今回の転職が決まると、新しい会社から採用確認のメールが来た。メールには、仕事内容、給料などの雇用条件とともに、シニアディレクターの肩書で採用しますと書いてある。よしよし!と顔がほころぶ。

しかし、いざオファーレターをもらうと、肩書が違っていた。プリンシパル・サイエンティスト2となっているのだ。「えっ!何かの間違いかな? 前に採用した人のオファーレターを下書きにして作り直して、肩書を直し忘れたのかな?」

オファーレターを見ながら、採用担当者と最終確認する機会に、「ポジションがプリンシパル・サイエンティスト2と書かれていますが、シニアディレクターの間違いですよね?」と確認した。すると、採用担当者は、「いえ、間違いではありません。社内では、研究職で直属の部下を持たない場合は、シニアディレクターとは呼ばずに、プリンシパル・サイエンティスト2となります。ただし、シニアディレクターと全く同じ雇用条件で、呼び方が異なるだけです。なので心配しないでください。この肩書で何か問題ですか?」と返された。

雇用条件は変わらないのだから、僕は問題ないとしてオファーレターにサインした。でも、何となく自分の中にモヤモヤが残った。なぜだろう? 自分の中で知らず知らずの間に肩書にめちゃこだわっているからだ。仕事内容もやりがいも何も変わらないのに、人に自分のポジションを説明する時、プリンシパル・サイエンティスト2ですと言うより、シニアディレクターですと言いたいのだ。LinkedInの自分のプロフィールにシニアディレクターと書きたいのだ。他人にキャリアダウンの転職だと思われたくないのだ。人にどう見られるかで、くだらないプライドと見栄でモヤモヤしていた。そして、そんなくだらないプライドに翻弄されている自分の器の小ささにさらにモヤモヤしていたのだ。
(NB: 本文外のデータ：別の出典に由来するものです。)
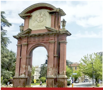
Simbolo della città raggiungibile da Piazza della Libertà: l'Arco di Trionfo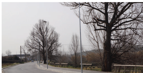
Instal·lació d'enllumenat a l'avinguda M. Aurèlia Capmany, entre carrer Can Llonch i carrer Migdia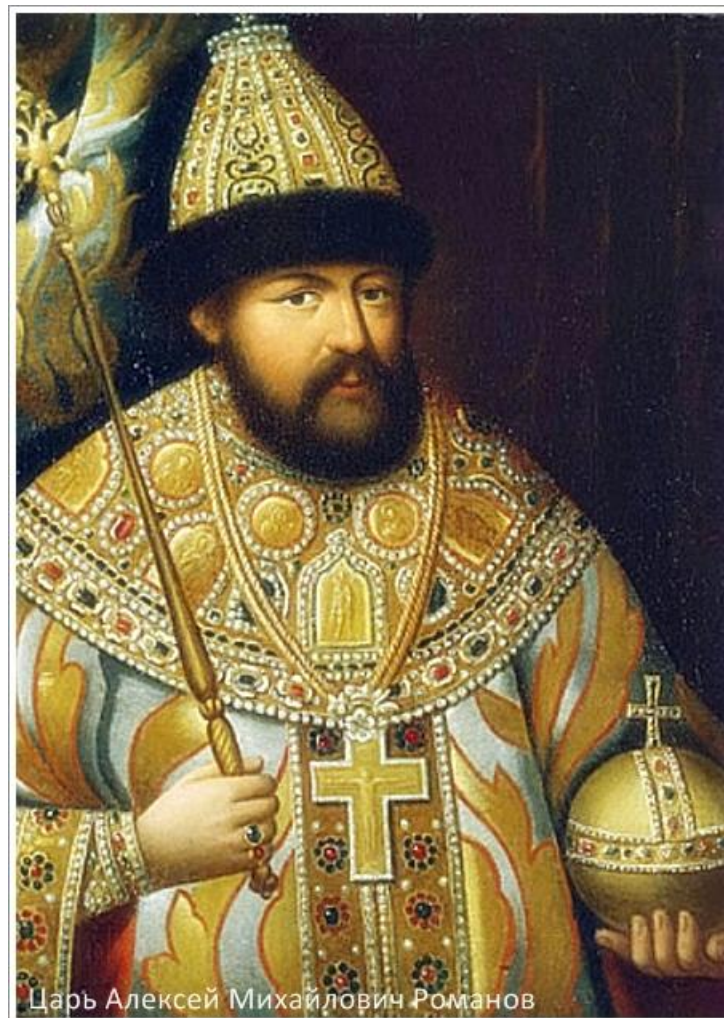
Царь Алексей Михайлович Романов

立派な肩書に憧れること、出世してより高い肩書が欲しいと思うこと、これらの欲求はとても自然なことだし、悪いことでもない。向上心の表れだ。自分の人的資本価値を考える時、収入と肩書は、とても分かりやすい指標にはなる。収入と肩書が上がれば、励みになる。分かりやすい設定目標になるので、エネルギーの原動力となる。ただし、内容が伴っていなければ、空っぽの誤解を招く指標だ。分かっていたつもりでいたが、知らず知らずのうちに、そんなくだらないプライドと見栄で肩書に翻弄されてしまった自分を恥ずかしく思う出来事だった。

自分はちっぽけなことにまだまだこだわるなぁと痛感し、反省したところで、考え方を変えてみた。仕事内容、やりがい、雇用条件のすべてが、向上しているんだ。肩書だけが分かりにくいものに戻っただけだ。つまり、自分は肩書につられてではなく、仕事内容、やりがい、雇用条件で転職を決められたとできる。この方が、すっと清々しいと。